Roberto Di Cosmo 00:18:21 It’s pretty tiny when you compare it to what Google or Amazon need to have in their data centers, of course. At the same time having one petabyte which is composed of 12 billion very small and tiny little pieces of source code poses significant challenges when you want to actually develop an efficient storage system to keep all these data over time. And then if you look at the graph — I mean, not just the files but all the directories, the commits, the revisions, the releases, the snapshots, and all the other pieces in the graph, and with all these things that stay inside this directory, this particular file content includes the age. But in this other directory the same file content is called something else dot C. All these graphs is today 25 billion nodes and 350 billion edges. And so, where do you store such a graph? Because you could imagine you can use some graph-oriented database, but graph-oriented databases for this size of graphs, which are specific topologies are not easy to build. Where do you store this? How do you store this in a way that is efficient to archive because our first objective is being an archive so we should be able to archive quickly and at the same time also efficient to read. Because there’s a moment when everybody is going to use software, so we’ll need to face an increasing demand of being able to provide results efficiently and quickly to people that want to visit and browse the archive. So these are big challenges.

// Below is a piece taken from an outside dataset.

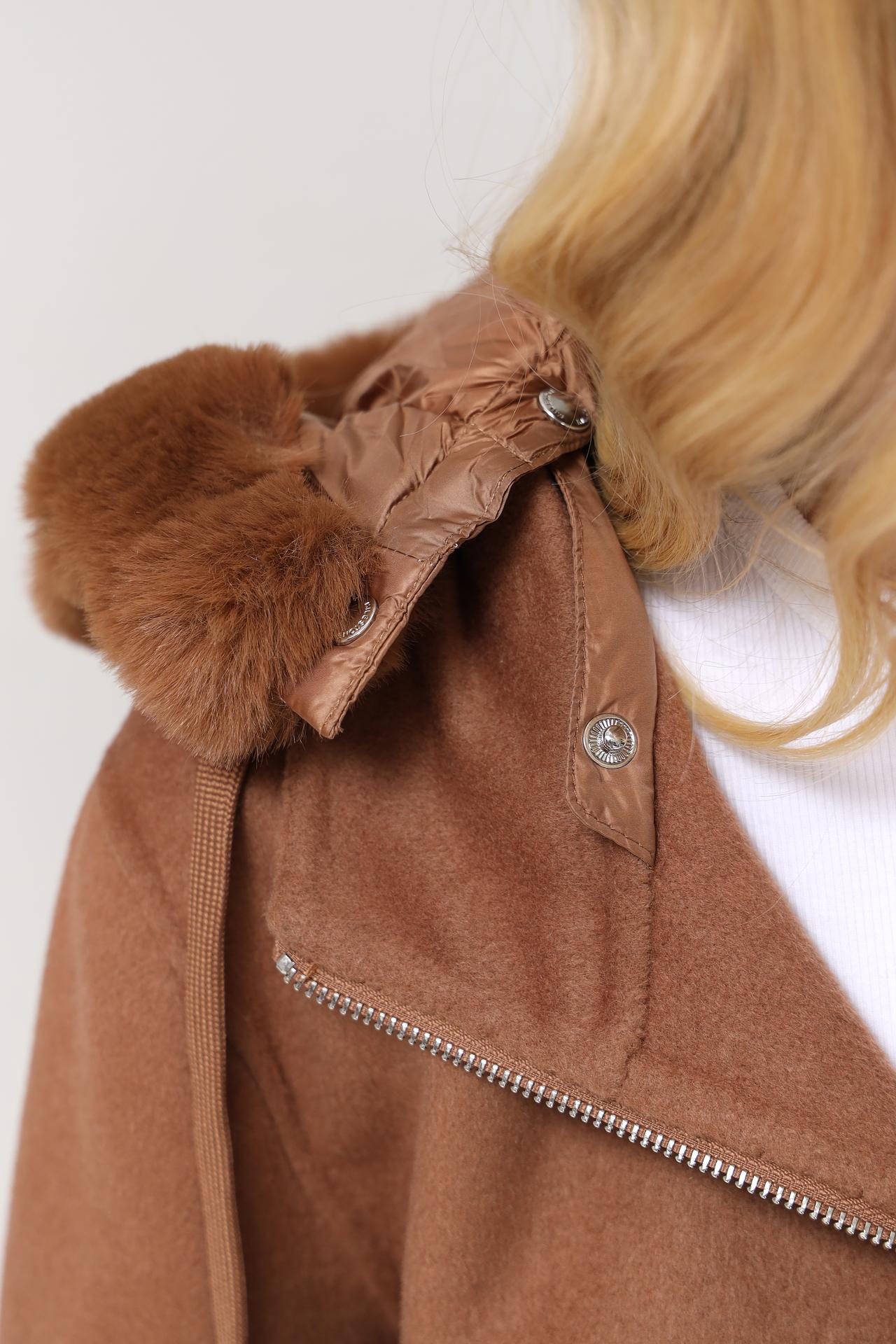 Пальто Milestone с капюшоном и меховой отделкой, кэмел

Gavin Henry 00:20:01 Obviously, this isn’t done for free. What sort of costs are we talking about here, and how do you fund this project?

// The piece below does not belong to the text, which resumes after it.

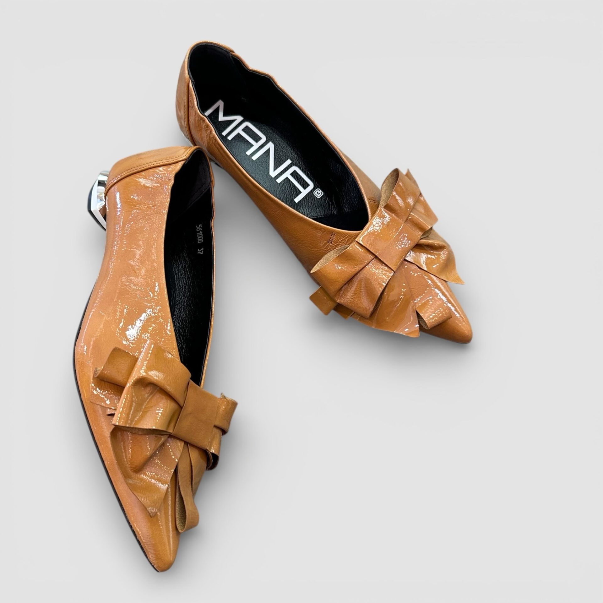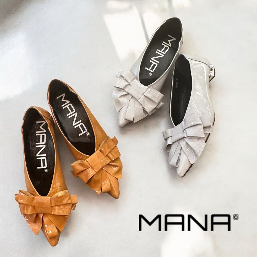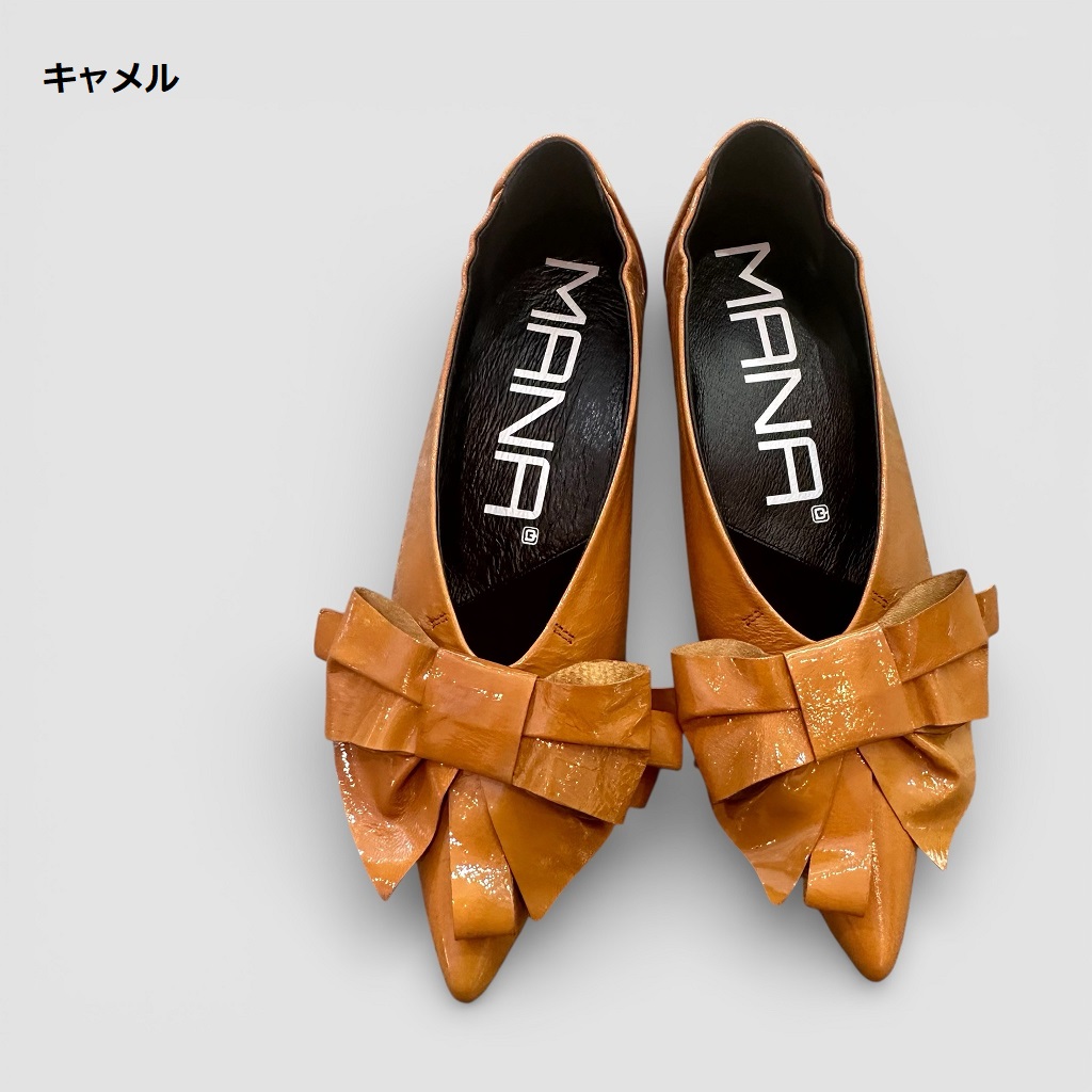 【送料無料】2026春夏新作 MANA マナ パンプス ビッグ リボン ポインテッド エナメル 本革 靴 561000

Roberto Di Cosmo 00:20:06 Yeah, indeed that’s a big question. So when you start something like this — so when we started some seven years ago, there was a significant time we spent on thinking about how would you go about building such an infrastructure in a sustainable way. So, there were different possibilities because I mean there is a cost of course; imagine just running the data center, and if you look in our webpage today, you will see all the members of the team — we are 15 people full time on the project right now, okay? So of course, it is not as big as a large company, but it is pretty significant, and of course you cannot just do it on your free time or as a volunteer. It requires significant funding to keep it up. So the possibility number one would’ve been to create a private company. Okay, it’s kind of a startup and try to raise funding to sell services to particular stakeholders. But you remember, 2015 we saw Google Code shutting down and Gitorious, which was another popular forge back then, shutting down after an acquisition by GitLab.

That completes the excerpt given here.